I wanted to pulverize his face with my fist.
I wanted to burn down his office with a flamethrower.
I took a deep breath and calmed down. Then I collected my thoughts and wrote a note for a co-worker. I left instructions for him to forward to the printer while I went home to sleep.
It’s been over two decades since I lived in New Mexico and I have many wonderful and terrible memories from that time. My fondest and cherished memories are the ones I made with friends and exploring the deserts and canyons. The worst ones were all related to the working environment I was in. The stress and exploitation of my labor.
Over time I learned what tricks the owners and supervisors used to exploit us young engineers and the lies and carrots they dangled before us. The worst part is that we believed those lies, we grabbed for those carrots, not because we wanted to but because we were expected to.

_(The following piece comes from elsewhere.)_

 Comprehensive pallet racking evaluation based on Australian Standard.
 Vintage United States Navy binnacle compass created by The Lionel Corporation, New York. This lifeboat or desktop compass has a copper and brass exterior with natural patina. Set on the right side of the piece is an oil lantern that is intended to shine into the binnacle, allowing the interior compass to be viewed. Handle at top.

This tacit expectation is what haunts me to this day. Why were conditioned to expect to be exploited in the first place? Where did this come from? Was it because I was a salaried employee? Was it because my entire college education prepared me for exploration in the guise of doing “great things for humanity?” Was it movies and books I read about how John Galt stopped the motor of the world?
Why was this expectation that we must allow ourselves to be exploited by the people that own and run a company? Why was exploitation inherent in the system?

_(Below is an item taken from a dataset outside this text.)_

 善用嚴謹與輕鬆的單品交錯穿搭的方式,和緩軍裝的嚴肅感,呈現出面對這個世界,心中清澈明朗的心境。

I didn’t wake up to this question until many years later, after working in many more exploitative companies, but I still have no answer.
I have no answer as to why this expectation exists. Why we must prostrate ourselves to it, or better yet, why do we let them do it to us?

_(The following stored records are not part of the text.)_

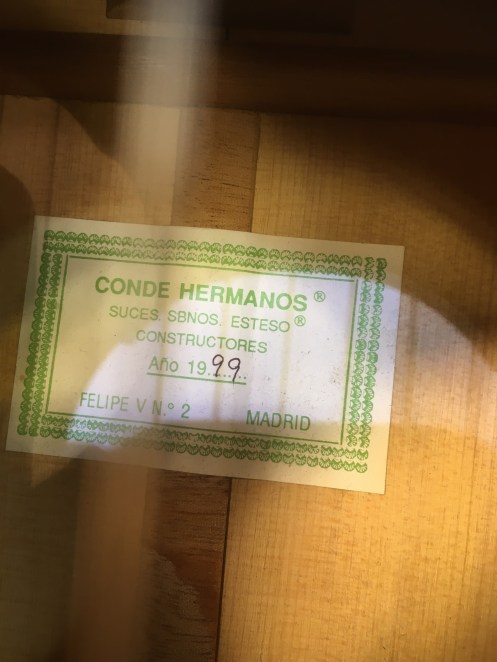 Tuntuu että erityisesti espanjalaiset eivät ole kovin tarkkoja vireen suhteen. Tässäkin muuten hienossa Conde Hermanos-kitarassa ei ollut tallassa kompensointia lainkaan, eli ylempää kaulalla kaikki äänet olivat ylävireisiä.
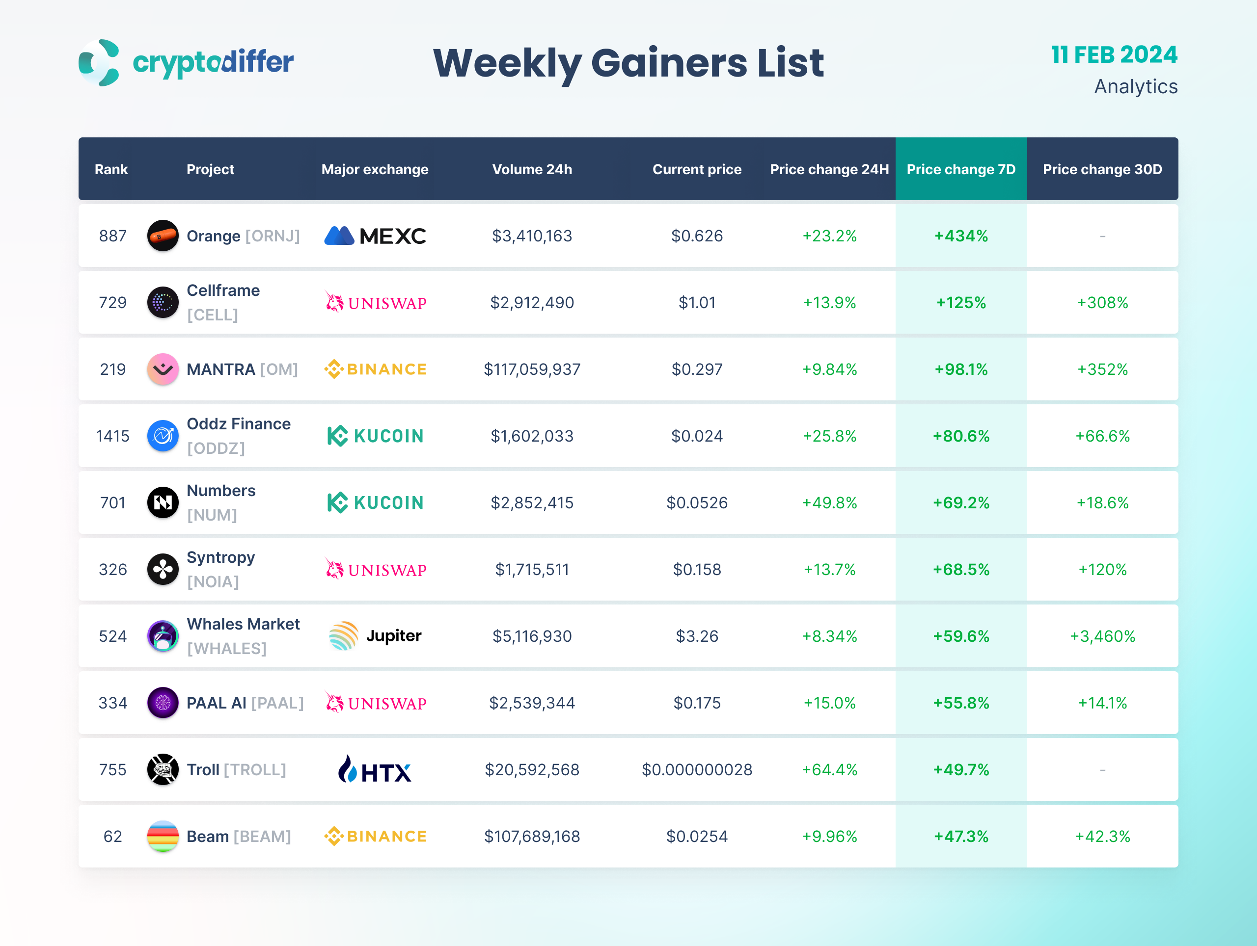 WEEKLY GAINERS LIST
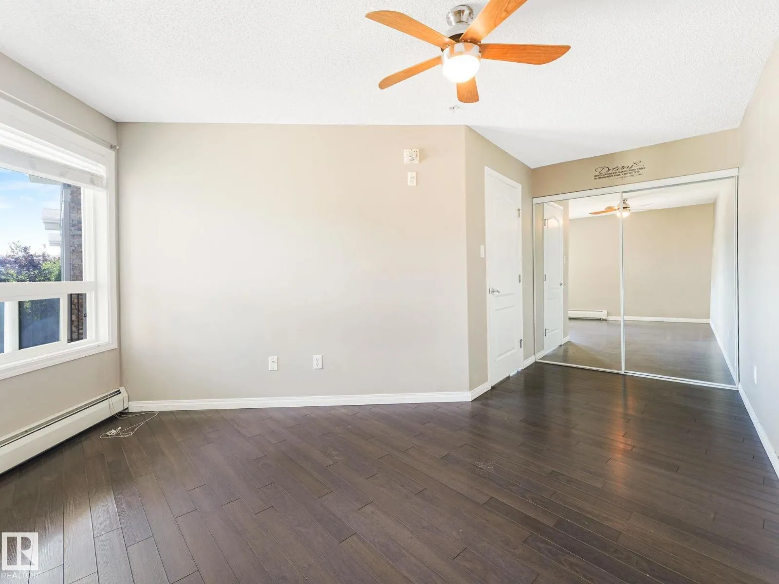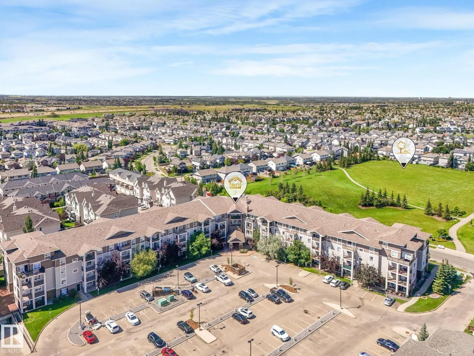 Welcome to this stunning condo in South Terwillegar!This spacious unit is larger then some two bedroom condos with only one neighbor! & has loads of upgrades.The designer kitchen has upgraded dark espresso cabinets,cream counters & stainless steel appliances.The dining room is big enough for a six person table & has an open concept into the living room.The large living area is bright with plenty of natural light & has a patio door that leads to the over sized corner balcony.The master bedroom is a great size with wall to wall closets.This home also features a 4pc bath,storage area with in suite laundry & TWO PARKING STALLS(one underground right beside elevator and no one next to you!,one surface stall).This unit is close to shopping,public transportation, Anthony Henday & the new recreation center.It shows a 10 out of 10--A must see! (id:27476)

I get it, if you’re an owner of a company you must generate a profit to survive and keep growing. But isn’t profit theft? Isn’t profit a mere representation of someone’s exploitation?
After I moved back to New Jersey I decided to get a Masters in Business Administration (MBA). I was so bitter about what happened to me that I wanted to learn about how this exploitative system works and then take it down from the inside.
I learned that your coworkers are called “labor units” or “labor inputs,” not Frank from Belen with 3 children, or Sally from Denver that loves craft beer. No, people were interchangeable meat sacks that were needed to push the button of the machine and could be replaced if needed with cheaper alternatives.
Dehumanization and exploitation were built into the system from the foundation up. It is and remains a dangerously flawed system.
I graduated and went back to work at another Engineering company only to quit in 2014 and move into a different field altogether. It wasn’t until 2017 that I was presented with a possible solution to this problem — the worker cooperative.
A worker cooperative is just a bunch of people working together and splitting the income. They organize themselves and help lift each other out of poverty by leveraging their talents together. They each own a part of the business and the only shareholders they have is themselves.
There’s no single person or persons at the top telling them to work faster or else they get replaced. No company dangling the carrot of healthcare to get them to push the button. No exploitation and no expectation to donate precious time to an entity where they have no say in how it’s run.
While a worker cooperative might not work for everyone, it can work for most people if they’re aware of that option. Artisans, makers, designers, and builders might like this option better because it concentrates income into the hands of a few aligned people.
A friend of mine works in a high-tech IT design firm that’s a worker cooperative. I’ve known craft beer brewers that built worker cooperatives and brewed damn good beer. I’ve read a story of a group of baristas buying out their former employer’s Rhode Island coffee shop and running it themselves now.
People are waking up. People are realizing that there’s more to life than the expectation of exploitation for a paltry sum of money. People are reclaiming their power and realizing their worth. They realize that their labor, their creativity, and skill are their true value, something immeasurable that’s not to be exploited by a narcissistic psychopathic Twit at the top.